À côté de ces grands ordres, nombreuses furent les petites communautés hospitalières, organisées autour d’une maison importante mais dont le rayonnement se limitait à une région donnée, tels les grands hospices de pèlerins que furent Roncevaux, Saint-Jacques d’Altopascio ou Aubrac et, surtout, les multiples fraternités semi-religieuses et les confréries laïques consacrant l’essentiel ou une partie importante de leurs activités à l’assistance. « Aumônes », « charités », « tables des pauvres » ont pullulé dans l’Europe du Moyen Âge, fonctionnant sous des formes variées, soumises à des statuts et à des règlements également d’une grande diversité, mais visant toutes à subvenir aux besoins des pauvres, plus particulièrement à leurs besoins corporels sous la forme de « donnes » de nourriture et de vêtements. Des institutions charitables d’un autre type ont également vu le jour autour de la prise de conscience du danger que présentait la traversée des rivières et des fleuves. Des associations de frères et de sœurs « du pont » ont ainsi pris en charge l’entretien, parfois même la construction d’un ouvrage d’art ou le franchissement du cours d’eau par barque et l’accueil des voyageurs dans des hospices situés à proximité, illustrant une hospitalité routière originale, particulièrement représentée le long du Rhône (Lyon, Pont-Saint-Esprit, Avignon).

À l’action de ces structures associatives à finalité d’assistance, institutionnalisées et de plus en plus municipalisées, s’ajoute un foisonnement d’initiatives individuelles, allant de la fondation d’un hôpital par un riche personnage à l’institution des « pauvres du christ » comme légataires universels, de l’entretien par un prince ou un prélat d’une aumônerie à une aide devant les tribunaux offerte gratuitement par un juriste miséricordieux.

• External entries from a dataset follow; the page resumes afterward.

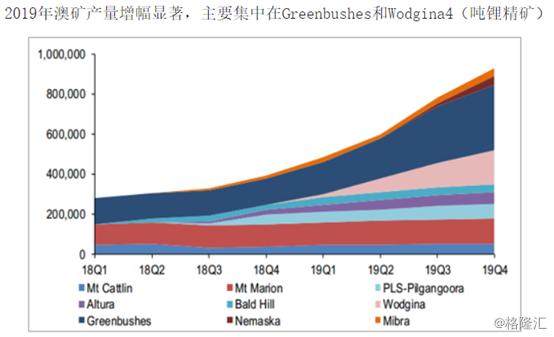另外,南半球主要生产的是卤水锂,其中,智利阿根廷分别占全球锂盐湖产量57%和23%,占全球锂矿产量19%和8%。据中国产业信息,2019年依旧将是锂矿项目产量大增的一年,主要是由于澳洲矿山扩产
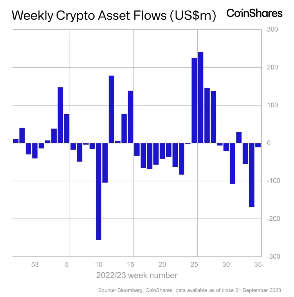 Bitcoin (BTC), Polygon (MATIC) ve Ethereum yatırım ürünleri geçen hafta sırasıyla 3,8 milyon dolar, 8,6 milyon dolar ve 3,2 milyon dolarlık çıkış yaşadı. Ancak küçük çıkışlara rağmen CoinShares, işlem hacimlerinin arttığını söylüyor.
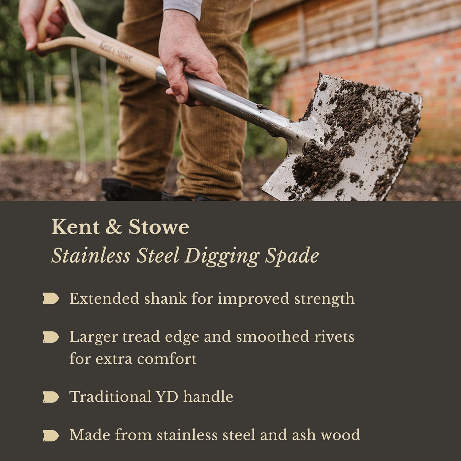 - Strength and comfort: The Kent & Stowe garden spade features an extended shank for improved strength, as well as a larger tread edge and smoothed rivets for extra comfort.
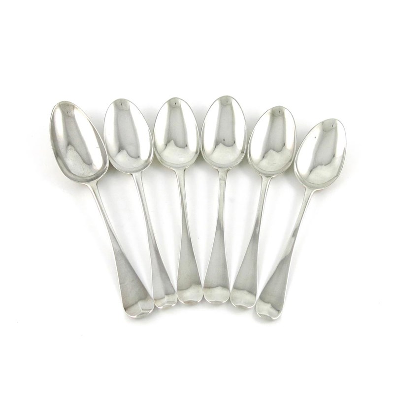 A collection of six 18th century silver Hanoverian pattern tablespoons

Les réponses que le Moyen Âge a ainsi apportées au défi social et religieux représenté par la présence de la misère, au sein d’une frange de la population plus ou moins large selon les lieux et les époques, ont donc été multiples. Développés dans le contexte du grand élan de prospérité qui a caractérisé les XIIe et XIIIe siècles européens, stimulées par l’éveil des consciences que provoquait la parole des prédicateurs, les institutions d’assistance, comme tous les autres gestes et comportements venant illustrer la caritas, la loi d’amour évangélique, furent aussi pour le monde laïc, et face au clergé, une voie d’accès au contrôle partiel du sacré et à une responsabilisation accrue du chrétien devant son salut.